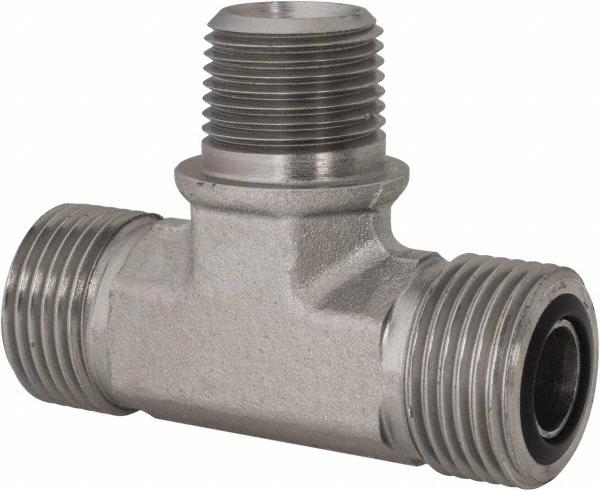 Compression Tube Male Branch Tee: 3/8-18" Thread, O-Ring Face Seal/NPTF
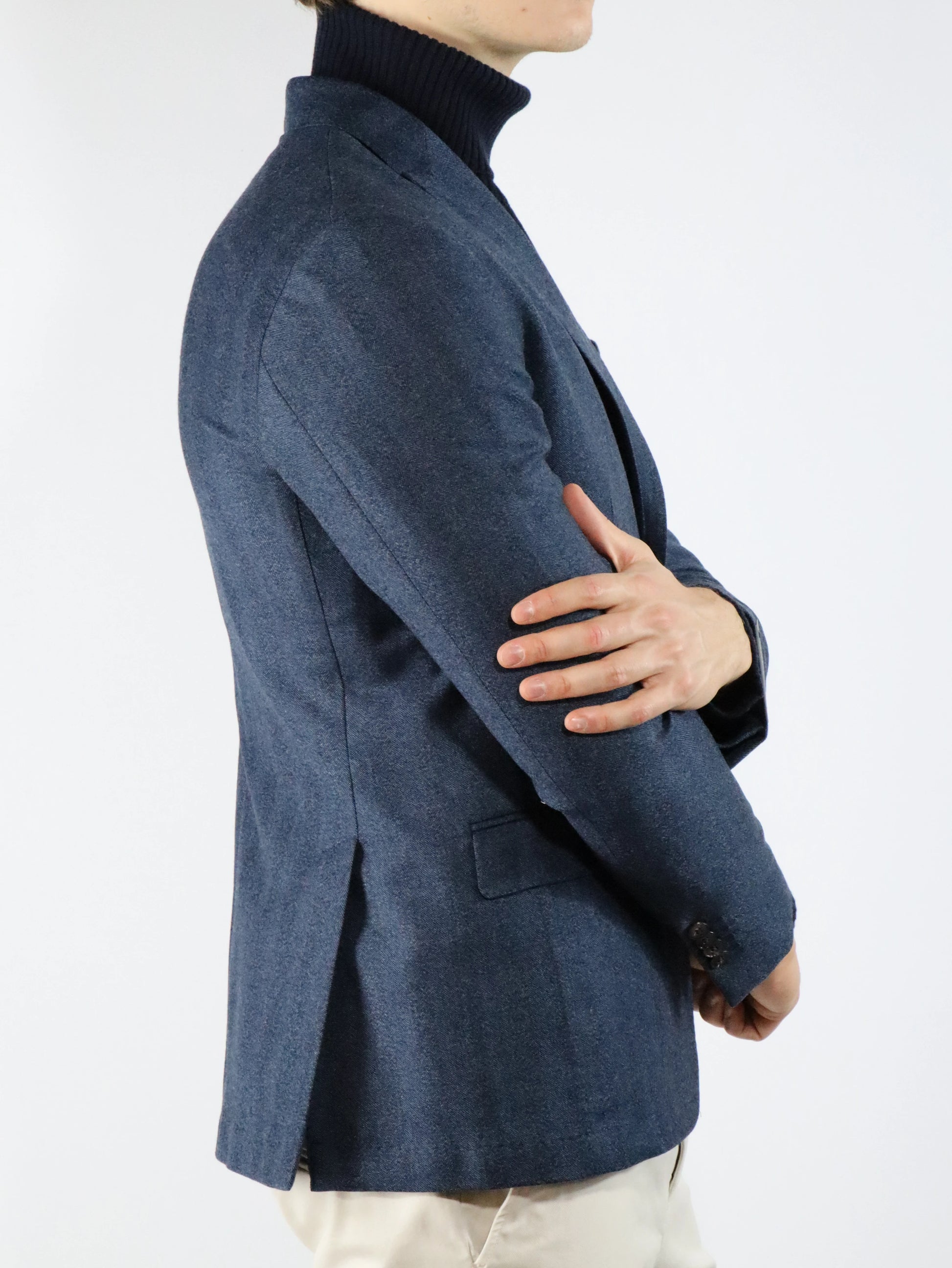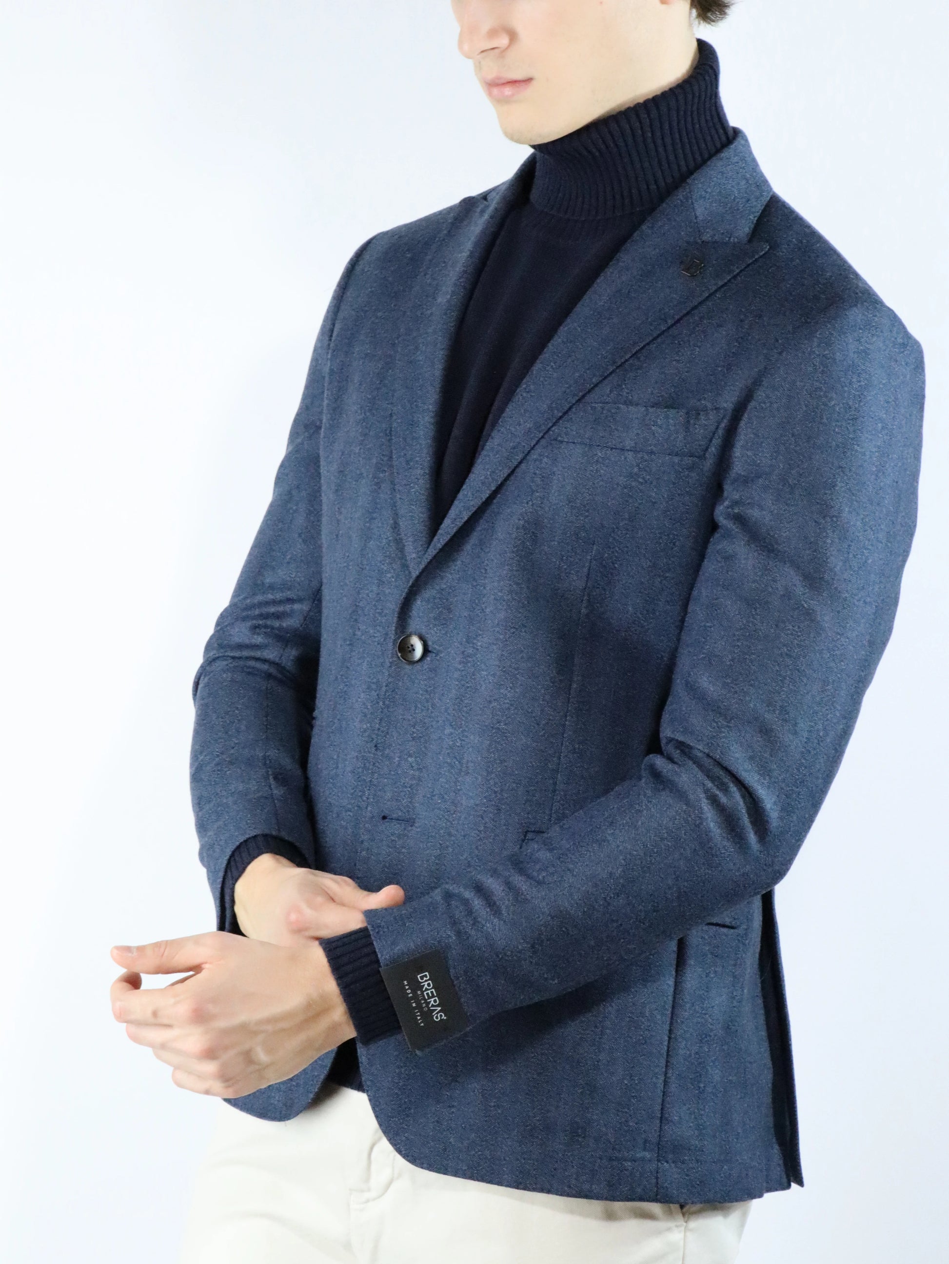 Giacca da uomo realizzata in pura lana con effetto a spina. Il capo si caratterizza da pratiche tasche a toppa, taschino sul petto a barchetta, rever con punta a lancia, spacchi laterali e doppio taschino interno. Completamente sfoderata per il massimo confort. Made in Italy
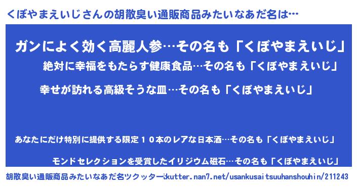 | 意味不明あだ名 | 『くぼやまえいじフォーエバー』 |
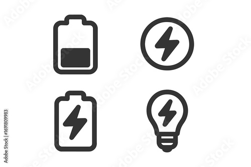 Minimalist dark mode icon set. Battery level and charging status symbols. Energy and power concept vector illustration. Electricity, bolt, and lightbulb signs for UI UX design.
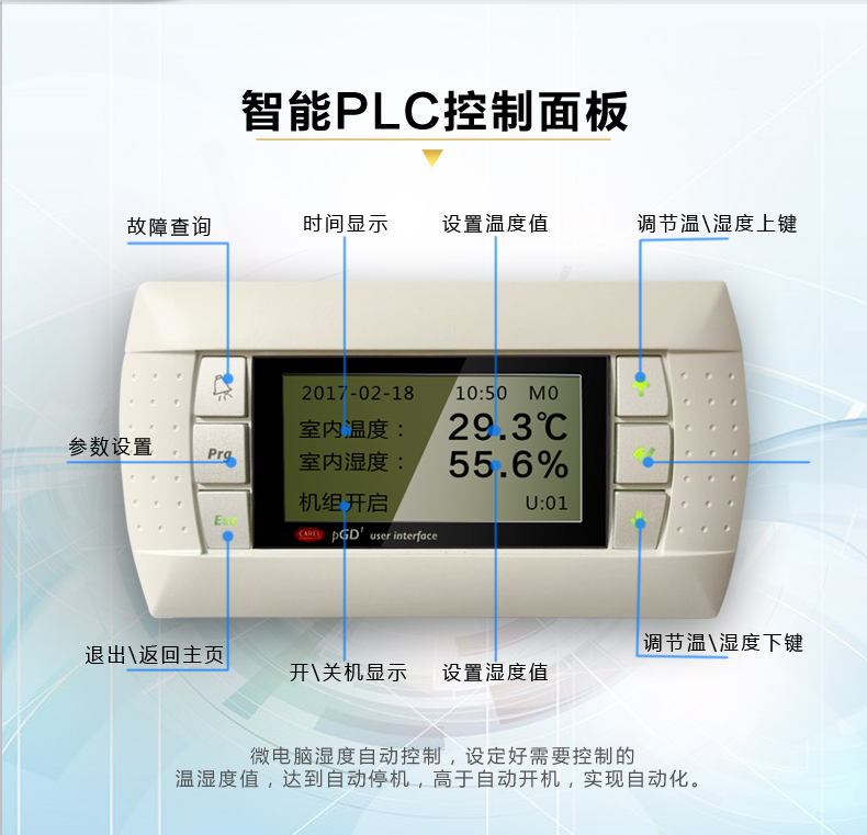 、高性能電子電極加濕器:不滋生細菌,對室內空氣無污染;對水質無特殊要求,無需水處理;獨立加濕器控制板,自動定時換水清洗,延長使用壽命,能自動根據加濕要求控制水位及加濕電極電流,實現高精度控制,真正滿足高精度要求;
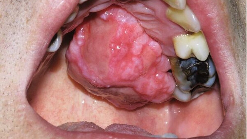 Ein 76-jähriger Patient wurde uns zur weiteren Abklärung eines ausgedehnten Tumors im linken Unterkiefervestibulum zugewiesen. Bei der Erstuntersuchung war er in gutem Allgemeinzustand. An Allgemeinerkrankungen lag eine medikamentös behandelte arterielle Hypertonie vor.
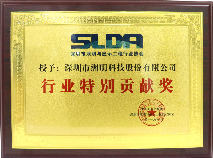 深圳市照明與顯示工程行業協會黨支部發起的“光·愛”貧困大學生計劃中,廣東洲明總經理王榮禮先生用行動踐行愛心企業家的使命,將以個人名義對貧困大學生進行捐贈,榮獲幫扶貧困大學生計劃貢獻獎。
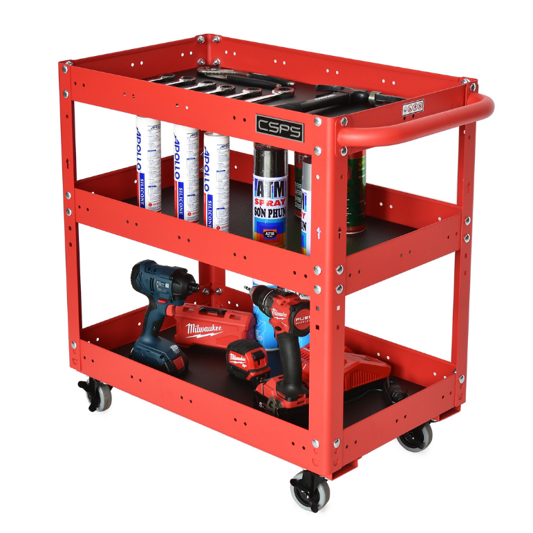 รถเข็นเครื่องมือแบบม้วน3ชั้นสำหรับอุตสาหกรรมช่างกล่องเครื่องมือตู้เก็บของในคลังสินค้าที่ได้รับการสนับสนุนจากเวียดนาม
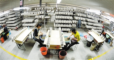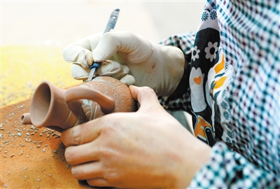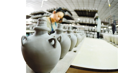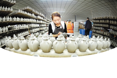 近日,在武威市夏王陶瓷工藝制品有限公司,工人們制作西夏瓷器風(fēng)格酒瓶配件。甘肅武威曾是西夏的輔郡,當(dāng)?shù)爻鐾恋奈飨拇善骷拔飨谋绕魑,以其深厚的文化沉淀見證了西夏文化的輝煌。
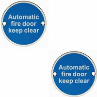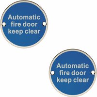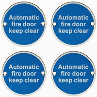 Automatic Fire Door Keep Clear Plaque - 76mm Diameter - Satin Stainless Steel Technical Specification: Finish: Satin Stainless Steel Unit: Each Packaging: Boxed Further Information: We offer a wide range of door handles, knobs, hinges, latches and accessories in various finishes and sizes. We also stock various sets of matching products, Including door handles and hinge sets, locks and latch sets, and much more. In addition to the above we can put together bespoke packages, perfect if you cannot quite find what you are looking for or need to order in bulk. Please feel free to contact us and we will be happy to put a quote together for you.

→ Action item
Each line from the top of the material through the line containing "Giacca da uomo" should be reproduced exactly; please drop any images.

→ Solution to this task
 Compression Tube Male Branch Tee: 3/8-18" Thread, O-Ring Face Seal/NPTF
 Giacca da uomo realizzata in pura lana con effetto a spina. Il capo si caratterizza da pratiche tasche a toppa, taschino sul petto a barchetta, rever con punta a lancia, spacchi laterali e doppio taschino interno. Completamente sfoderata per il massimo confort. Made in Italy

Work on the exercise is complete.